Established in 2017, NTS has obtained Neuboron’s IP and technology licenses in the field of AB-BNCT. Through TLS’s new capital contribution, NTS becomes an equity joint venture with international capital. The business scope of NTS covers research, development, manufacturing, system integration, clinical trials, market accesses and sales of AB-BNCT system.

AB-BNCT is a powerful alternative cancer treatment to traditional radiotherapy and other particle therapies because it delivers targeted radiation selectively to cancer cells and spares surrounding healthy tissue. BNCT has demonstrated compelling responses for some of the most difficult to treat cancers and has been successful in treating cancer patients for whom other treatment options have been exhausted. Typically, patients only need to undergo 1 or 2 treatments with BNCT vs. dozens with conventional therapies. This provides patients with greater flexibility in their treatment regimen as well as enhance efficiency of the cancer center.
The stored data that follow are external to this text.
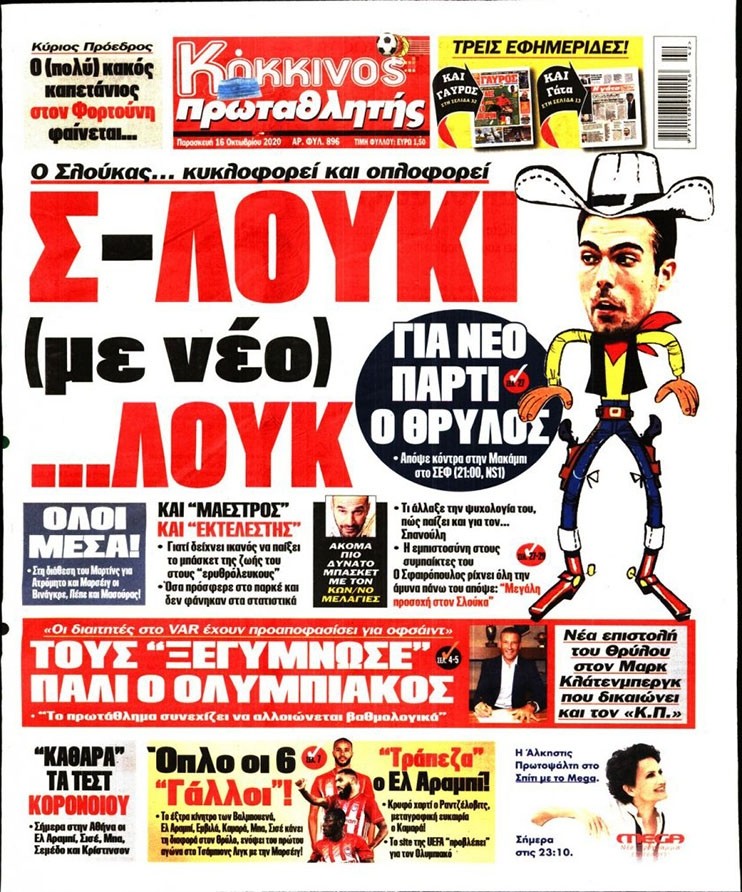 Το πρωτοσέλιδο του Κόκκινου Πρωταθλητή (16/10)
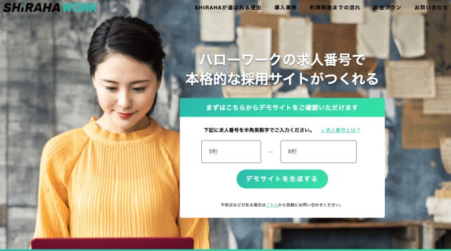 『SHIRAHA』は、誰でも手軽に求職者心理を追求した採用サイト(人材募集専用サイト)がつくれるサービスです。特にハローワークをご活用中の企業様にとっては、ハローワーク求人番号”を入力するだけでサイトが瞬時に作成されます。
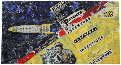 ![]() What Secret Did They Possess? 12" x 6" / acrylic, paper and ink on wood / 2010 |
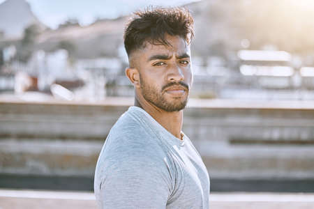 Attractive young man with dark hair and modern hairstyle wearing casual clothes outdoors
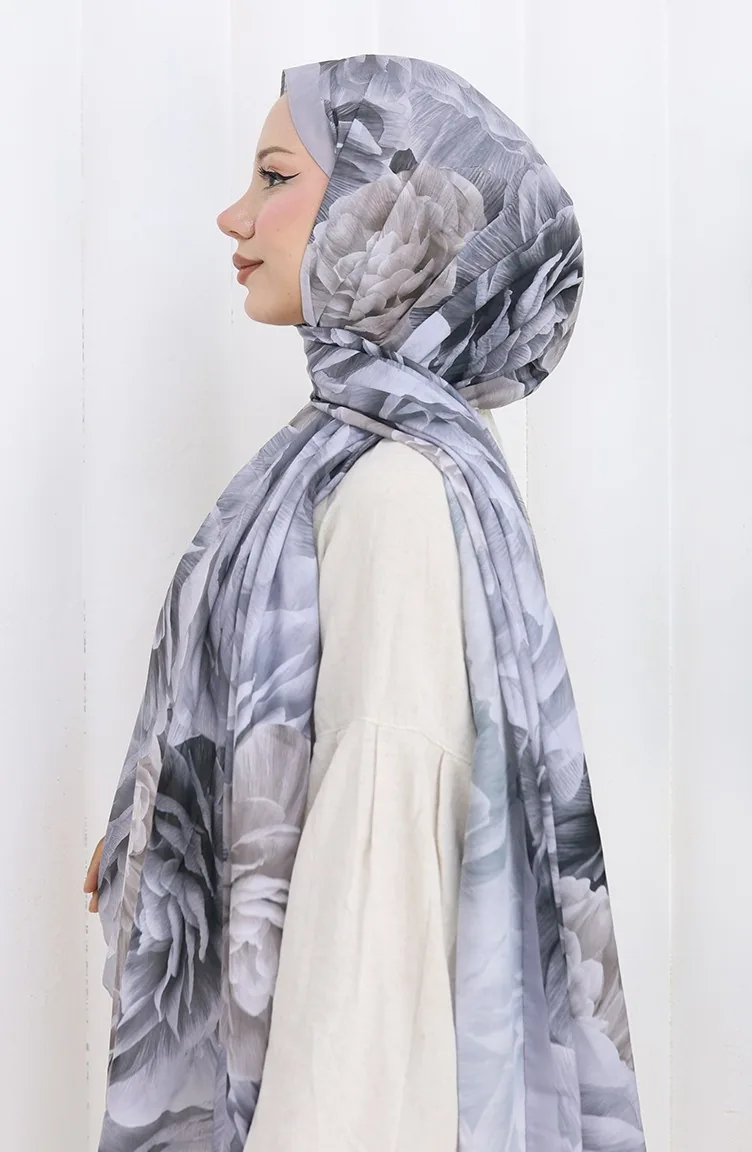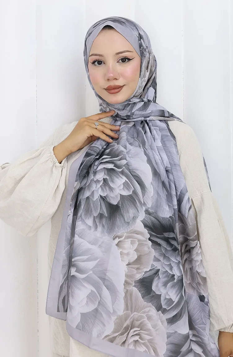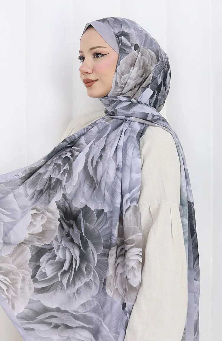 Pamuklu Desenli Koza Şal 70322-03 Gümüş Gri
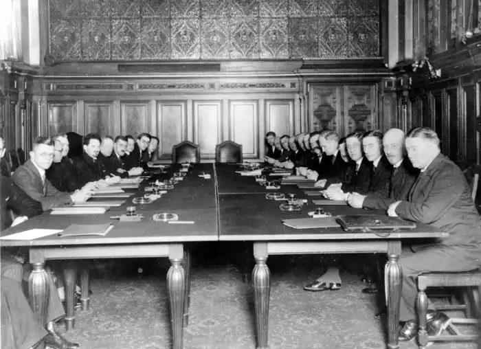 Подписание германо-советского торгового протокола в зале заседаний Народного комиссариата иностранных дел в Москве
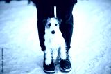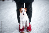 Beautiful puppy of breed Jack Russell Terrier in the winter forest
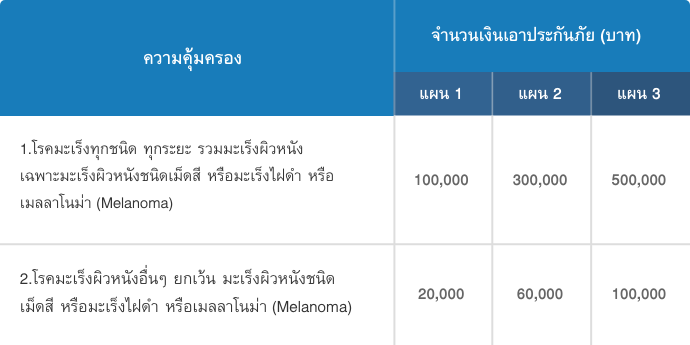 | 100,000 | 300,000 | 500,000 | - 2. โรคมะเร็งผิวหนังอื่นๆ ยกเว้น มะเร็งผิวหนังชนิดเม็ดสี หรือมะเร็งไฝดำ หรือเมลลาโนม่า (Melanoma)

"China is one of the largest market opportunities for BNCT. Our partnership with Neuboron Therapy System includes delivering our accelerator-based neutron system and has the potential to transform the cancer therapy landscape. BNCT provides a new treatment modality for patients diagnosed with the most aggressive and recurrent cancers like gliomas, head and neck tumors, and melanomas," said Bruce Bauer, Chief Executive Officer of TAE Life Sciences. "We have found a true partner in NTS as we both work toward the common goal to enable AB-BNCT to become a first-line treatment for patients globally."